**TASK GOAL**
Once the line holding "Green gingham romper" is written out, stop; begin at the first line of the material below and retype exactly, dropping pictures.

**DATA SEGMENT**
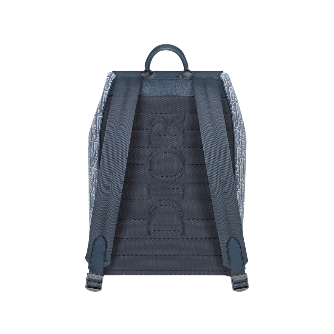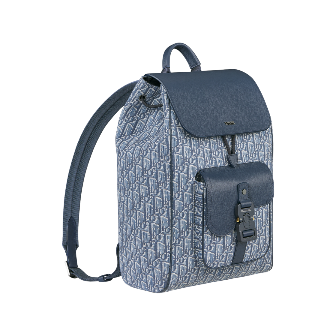 디올 새들 백팩 플랩 디올 오블리크 자카드 앤 그레인드 카프스킨 블루
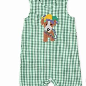 Green gingham romper with colorful puppy applique on front. Sleeveless, playful embroidered dog wearing a hat. Bright, fun colors add charm.
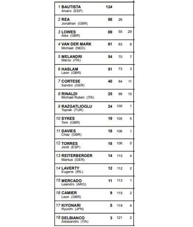 In entrambe le gare Alex Lowes si è issato sul terzo gradino del podio, confermando l’ottimo momento del pilota inglese: per tutto il weekend Lowes ha fatto la differenza sul compagno di squadra Michael Van Der Mark, quarto sia al mattino che nel pomeriggio. Nelle due frazioni, “Magic Mike” ha guidato un gruppetto che ha visto chiudere quinto Leon Haslam e sesto Marco Melandri, ancora alle prese con gli scuotimenti della sua Yamaha sul dritto. Il ravennate rimane in testa alla classifica indipendenti, con Yamaha GRT che piazza Sandro Cortese due volte settimo e resta leader nella graduatoria team.
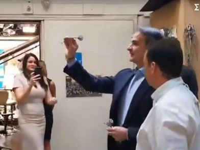 Συγκεκριμένα, ο κ. Μητσοτάκης, σε ένα από τα διαλείμματα της συνέντευξης που έδωσε στην εκπομπή «Καλημέρα», δεν έχασε την ευκαιρία να παίξει βελάκια σε έναν στόχο που έχουν τοποθετήσει οι εργαζόμενοι στον τηλεοπτικό σταθμό του Φαλήρου.

**RESULT FOR THIS TASK**
 디올 새들 백팩 플랩 디올 오블리크 자카드 앤 그레인드 카프스킨 블루
 Green gingham romper with colorful puppy applique on front. Sleeveless, playful embroidered dog wearing a hat. Bright, fun colors add charm.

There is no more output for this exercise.